How many liters of H2 at STP are required to react with 2.3 g of Fe3O4 to give FeO and H2O?

0.22L of H2

Explanation:

We'll begin by writing the balanced equation for the reaction. This is given below:

Fe3O4 + H2 - > 3FeO + H2O

Next, we shall determine the number of mole present in 2.3g of Fe3O4. This is illustrated below:

Molar mass of Fe3O4 = (56x3) + (16x4) = 232g/mol

Mass of Fe3O4 = 2.3g

Mole of Fe3O4 = ... ?

Mole = Mass/Molar Mass

Mole of Fe3O4 = 2.3/232 = 9.91x10^-3 mole.

Next, we shall determine the number of mole H2 needed for the reaction.
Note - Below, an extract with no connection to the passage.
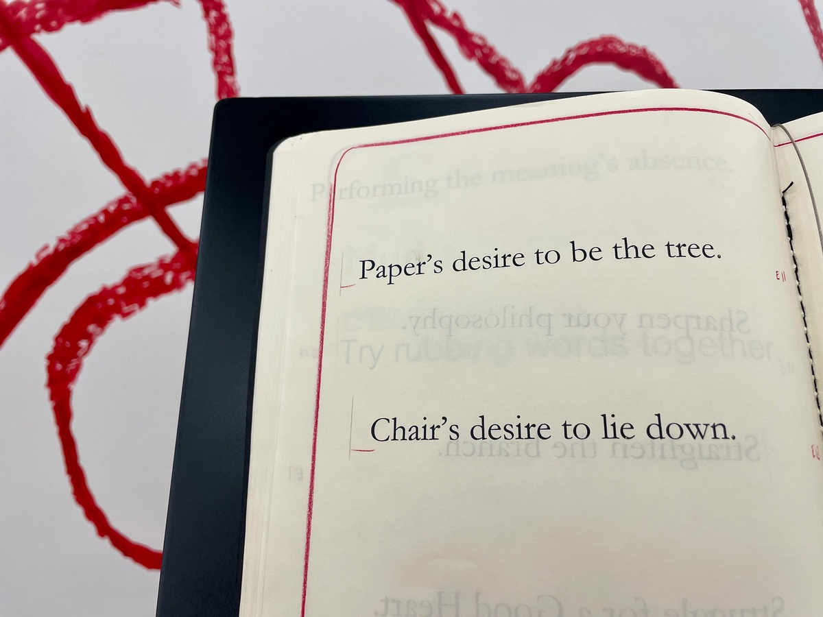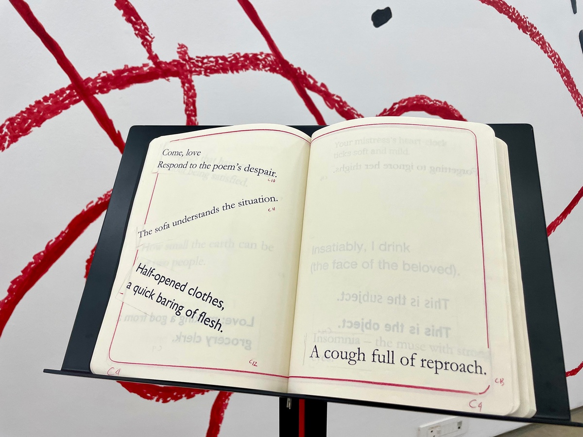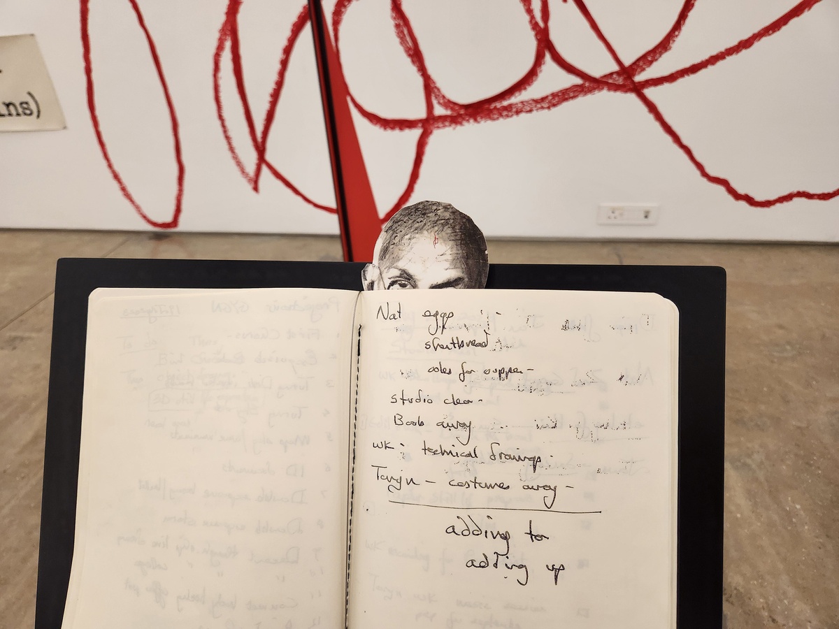 Any notebook often contains these mental wanderings. The smell of mangoes interrupting productivity. A doodle in the corner. A list of groceries on the side. Shorthand that only the writer can decipher.Across the installation, we might see something that transcends the margins even further – an eye peeking out at us from inside Notebook 25.

This is illustrated below:

From the balanced equation above,

1 mole of Fe3O4 reacted with 1 mole of H2.

Therefore, 9.91x10^-3 mole of Fe2O3 will also react with 9.91x10^-3 mole of H2.

Finally, we can obtain the volume of H2 required for the reaction as follow:

1 mole of a gas occupy 22.4L at stp.

Therefore, 9.91x10^-3 mole of H2 will occupy = 9.91x10^-3 x 22.4 = 0.22L

Therefore, 0.22L of H2 is required for the reaction.